Linux Virtual File System

A file system is a mechanism for organizing data and metadata on a storage device, and with such a broad definition, implementations vary greatly from file system to file system, including ext4, NFS, /proc, etc. Linux uses a layered architecture that separates the user interface layer, the file system implementation, and the drivers for the storage device, and is thus compatible with different file systems.

The Virtual File System (VFS) is a software layer in the Linux kernel that provides a standard, abstract set of file operations in the kernel, allows different file systems to coexist, and provides a unified file system interface to user space programs. The following diagram illustrates the overall structure of the Linux virtual file system.

Linux virtual file system

As you can see from the above diagram, user-space applications perform file operations either directly or indirectly through library functions provided by the programming language. User-space applications perform file operations either directly or indirectly by calling the System Call interface provided by the kernel (e.g. open(), write(), etc.) through library functions provided by the programming language.

The System Call interface then passes the application’s parameters to the virtual file system for processing.

Each file system implements a set of common interfaces for VFS, and specific file systems manipulate the data on disk according to their own organization of the data. When an application operates on a file, VFS finds the corresponding mount point based on the file path, gets the specific file system information, and then calls the corresponding operation function for that file system.

VFS provides two caches for file system objects, INode Cache and DEntry Cache, which cache recently used file system objects and are used to speed up accesses to INode and DEntry. The Linux kernel also provides Buffer Cache buffers to cache requests between the file system and associated block devices, reducing the number of accesses to physical devices and speeding up accesses. The Buffer Cache manages buffers in the form of LRU lists.

The benefit of VFS is that it decouples the application’s file operations from the specific file system, making it easier to program.

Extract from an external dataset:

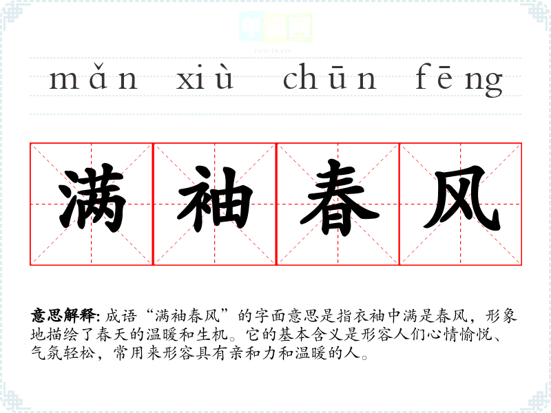 成语“满袖春风”的字面意思是指衣袖中满是春风,形象地描绘了春天的温暖和生机。它的基本含义是形容人们心情愉悦、气氛轻松,常用来形容具有亲和力和温暖的人。

Application-level programs can perform file operations simply by using the read(), write(), and other interfaces provided externally by VFS, without caring about the details of the underlying file system implementation.
The file system only needs to implement the VFS interface to be compatible with Linux, making it easy to port and maintain.
File operations across file systems are implemented without concern for specific implementation details.

After understanding the overall structure of the Linux file system, the following is an analysis of the technical principles of Linux VFS. Since the implementation of the file system and device drivers is very complex, and I have not been exposed to this area, I will not cover the implementation of specific file systems in this article.

VFS Structure

Linux views all file systems in terms of a set of generic objects, and the relationship between objects at each level is shown in the diagram below.

vfs object

fd and file

each process holds an fd[] array, which holds a pointer to a file structure; different fds of the same process can point to the same file object.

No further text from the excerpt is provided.